Inductive transfer learning improves the performance of the target task using the knowledge learned from the source task. This type of learning is distinguished from transductive learning by the fact that it can be applied between different tasks [151]. In inductive transfer learning, there is a distinction between multitask learning (MTL) and sequential transfer learning (STL). MTL is a learning paradigm that aims to leverage useful information contained in related tasks simultaneously to enable a model to generalize better on the target task. Whereas in STL, models learn tasks sequentially rather than simultaneously. In other words, in STL, models learn each task separately and not jointly optimized as in MTL.

In the following, we illustrate the taxonomy of inductive transfer learning more using one example scenario of stance detection:

1. Consider having two source tasks: “language modeling” and “sentiment classification”, and a target task: “stance detection”. Language modeling is a task based on unlabeled data, whereas sentiment classification and stance detection are tasks based on labeled data. Since we have different tasks, we will follow the inductive transfer learning approach.

2. If we are using language modeling and the labeled data to learn the two other tasks (sentiment classification and stance detection) simultaneously, we are following MTL.

3. If we are using language modeling and labeled data to learn sentiment classification first and later use this knowledge to learn stance detection, we are following STL.

Among the selected 96 studies, 33 proposed models using inductive transfer learning techniques; particularly, 17 followed STL, 11 applied MTL, and 5 employed both approaches. We summarize those that employed the STL and MTL techniques in the following sections.

Sequential transfer learning

In NLP, STL is arguably the most commonly used type of transfer learning [151]. From the definition of STL presented above, the goal is to transfer knowledge from the source task model to improve the target model’s performance. Although STL is a time-consuming technique during source model training, it quickly adapts to the target task. The reviewed studies present different scenarios of STL using unsupervised source tasks [38, 88, 98, 99, 102–105, 116, 118, 121, 125–128, 138, 143], supervised source tasks [86, 120, 122], and distantly supervised source tasks [69, 97].

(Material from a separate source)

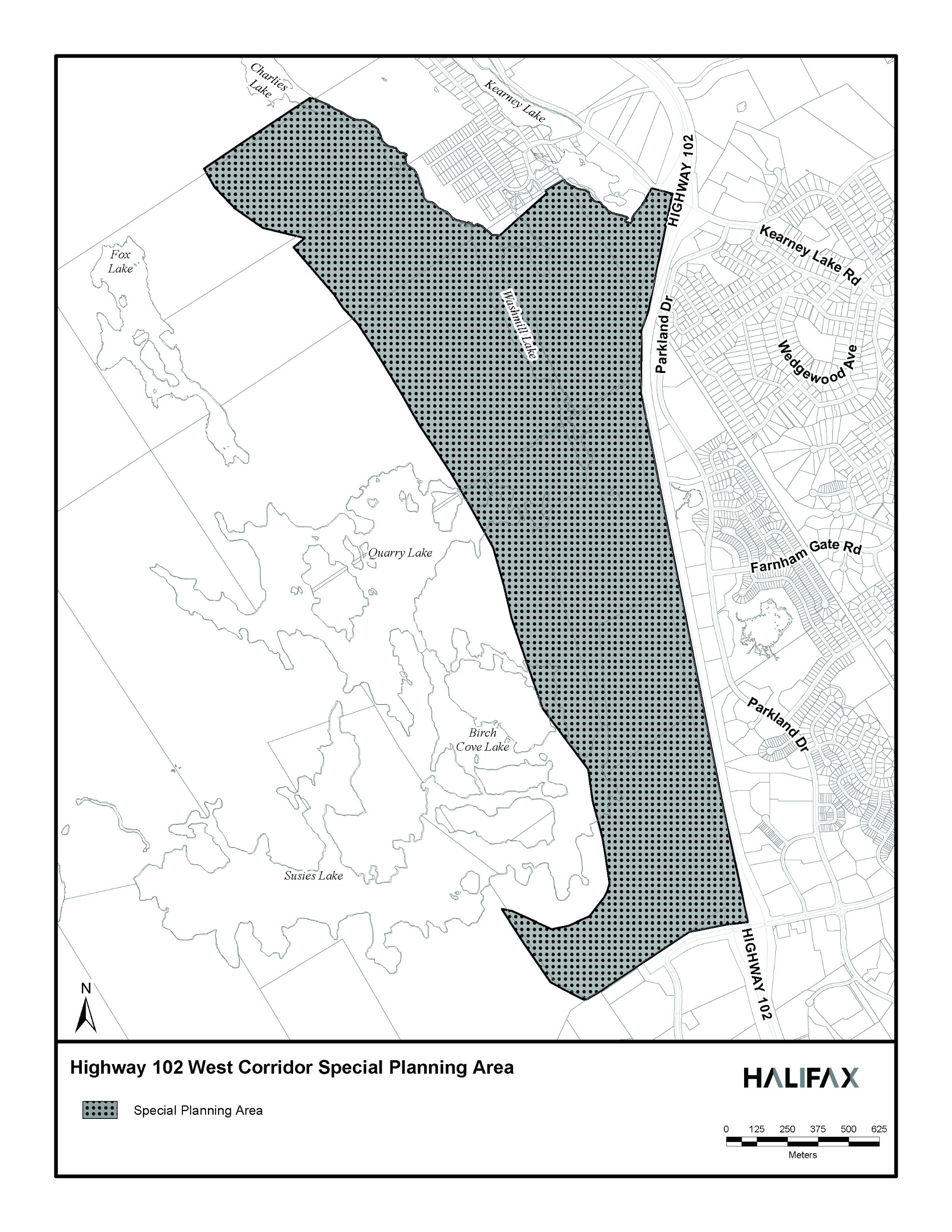 The Highway 102 West Corridor Special Planning Area is approximately 255 hectares (630 acres) of land located west of Highway 102 between Kearney Lake Road and Lacewood Drive in Halifax. The 2006 Regional Municipal Planning Strategy designated these lands as “Urban Settlement” (US) - a potential growth area where sewer and water services may be extended to allow the development of a new community within the plan’s intended timeframe.

Unsupervised STL (also called unsupervised pretraining) is the most common scenario used in the reviewed studies. It allows a model to capture more general characteristics of language structure and meaning, making it more transportable. Most unsupervised pretraining techniques focus on learning contextual representations of words from large unlabeled data, which is done by having an entire network that is pre-trained in an unsupervised approach with a language modeling objective, and then the model is fine-tuned on the classification task. Most reviewed studies used language models, such as BERT [154] used in [38, 99, 102–104, 116, 121, 126, 127, 143], OpenAI GPT [153] used in [118], or RoBERTa [158] used in [98, 125, 128, 138].

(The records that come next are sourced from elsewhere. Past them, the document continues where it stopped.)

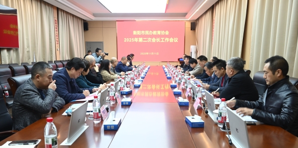 本网讯(通讯员 赵红深 摄影 邓翔 李水华)11月11日下午,衡阳市民办教育协会2025年第二次会长工作会议在我校召开。衡阳市老领导、原市民办教育协会会长杨邦伟出席会议并讲话。衡阳市教育局二级调研员周盘根、市教育局民办教育科科长凌建军到会指导,衡阳市民办教育协会会长夏卫星、市民办教育协会常务副会长兼秘书长王昶明以及市民办教育协会副会长单位(县市区会长)、市民办教育协会监事长等参加会议。会议由夏卫星主持。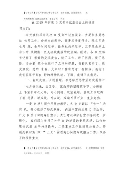 / 【七哥公文】2025年:在2025年街道党支部书记座谈会上的讲话+更多免费公文+VX:QiGeGongWen2024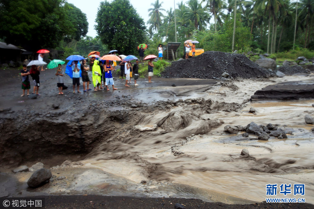 菲律賓馬榮火山持續(xù)噴發(fā) 火山灰落入河中變泥漿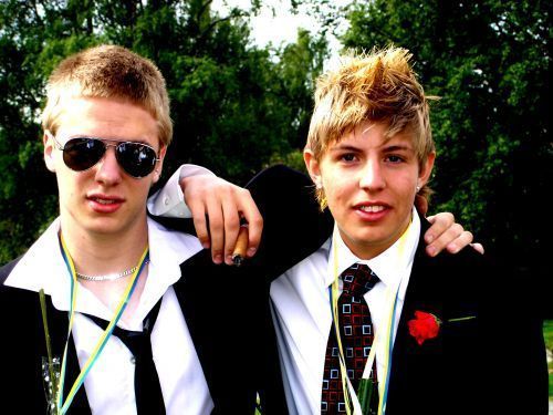 Skolavslutningen i nian. Jag hade snaggat bort kalufsen och tagit hål i örat några veckor innan kortet togs (inte i snibben utan inuti örat). Dragit på mig pilotbrillorna dagen till ära, vita smutsiga sneakers och knäppt upp några knappar. Tufft!

Notably, Zhao and Yang [98] proposed a novel approach by applying a pre-trained RoBERTa model [158] with a hierarchical capsule network. They combined the relevant topic information with each tweet and used a related textual entailment task for fine-tuning. The evaluation results on the SemEval-2016 dataset indicated that the proposed model significantly improved the performance by 6.32% in average F1 score compared with the first-place state-of-the-art model. In addition, their findings suggested that using a pre-trained language model directly with only a fully connected layer (without the hierarchical capsule network) would lose meaningful information in texts. For the political domain, Liu et al. [138] provided a new large language model (called POLITICS) that is generated by continuing training RoBERTa on a large-scale dataset comprising political news articles. Using ideology-driven pretraining objectives in the training process, POLITICS provides a general-purpose method of analyzing ideological content.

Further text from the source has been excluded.